So I actually didn’t mean to ship all of the new file parsers and writers while they’re still experimental, but they’re stable so when I unintentionally merged them into main, I just went with it and started writing documentation.
One interesting thing that I didn’t actually anticipate until after I started playing with the SVG modes, fixing bugs, and testing limits, is that aside from being vectors and zoomable beyond what a character display or even a modern emulated terminal with great resolution, a screenshot, etc, is that since the SVG is not generated directly from the Graph data, but rather from the output of the ASCIIRenderer, while the paths are still limited to 90 degree angles, the geography of the graph diagram can span much larger, so with appropriate use of layer spacing, node spacing, and the H and V padding, you can render really compact and densely populated graphs, with paths intricate that remain visibly distinct.

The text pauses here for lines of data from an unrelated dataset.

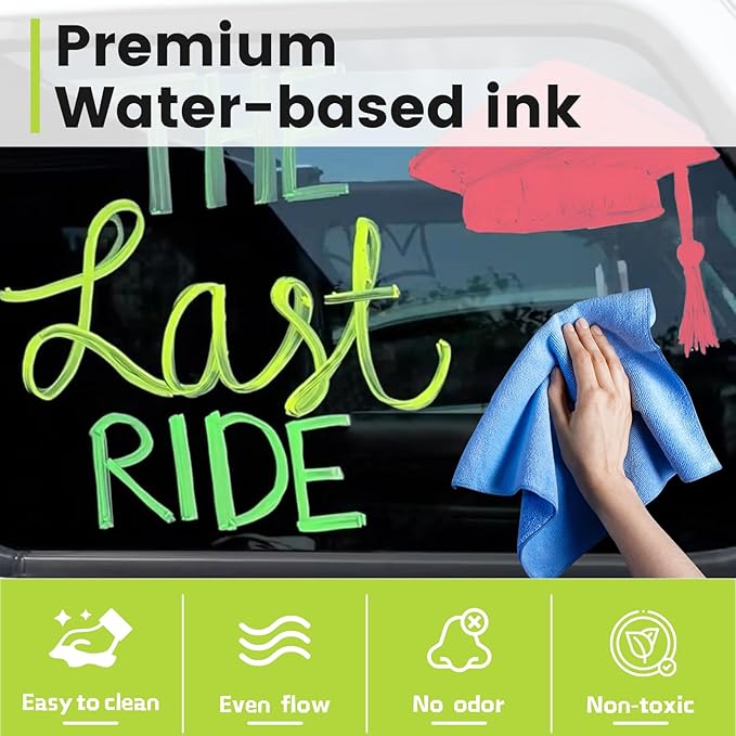 - EASY TO USE & CLEAN: Our liquid chalk markers erasable are designed for effortless application and clean-up. To use, simply put the cap back on, shake the marker thoroughly, press the tip to saturate it with ink, and test it on paper. Erasing is equally straightforward, as our dry & wet erase markers wipe clean with a dry or damp cloth, leaving no residue.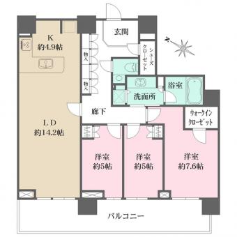 | 間取り | 3LDK | 専有面積 | 90.26m2(27.3坪) 壁芯 |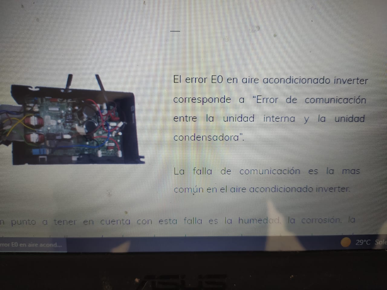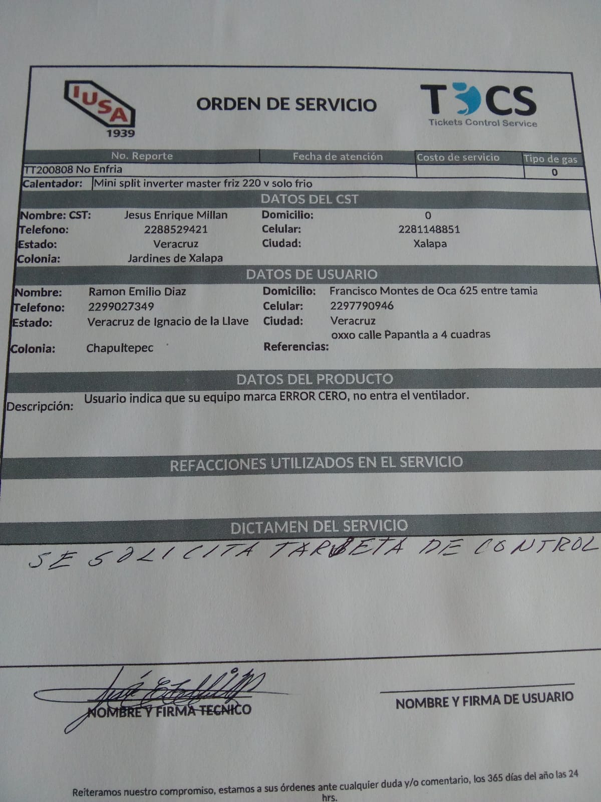 | Usuario indica que su equipo marca ERROR CERO, no entra el ventilador.

Another cool thing about this is since it is essentially using a virtual x/y grid as if it were a console display, you can have the SVG use a font that is not monospaced, but it will be arranged monospace regardless of kerning or glyph positioning hints given by the font itself; PHART decides it’s all on a grid. :-) Some really nice looking diagrams can result, despite the primitive orthogonal constrains PHART works in by design.
And here is a very clean, monospaced look from the AquaKana font!
I’m quite pleased with the results. Let me know if you do anything cool with SVG in PHART.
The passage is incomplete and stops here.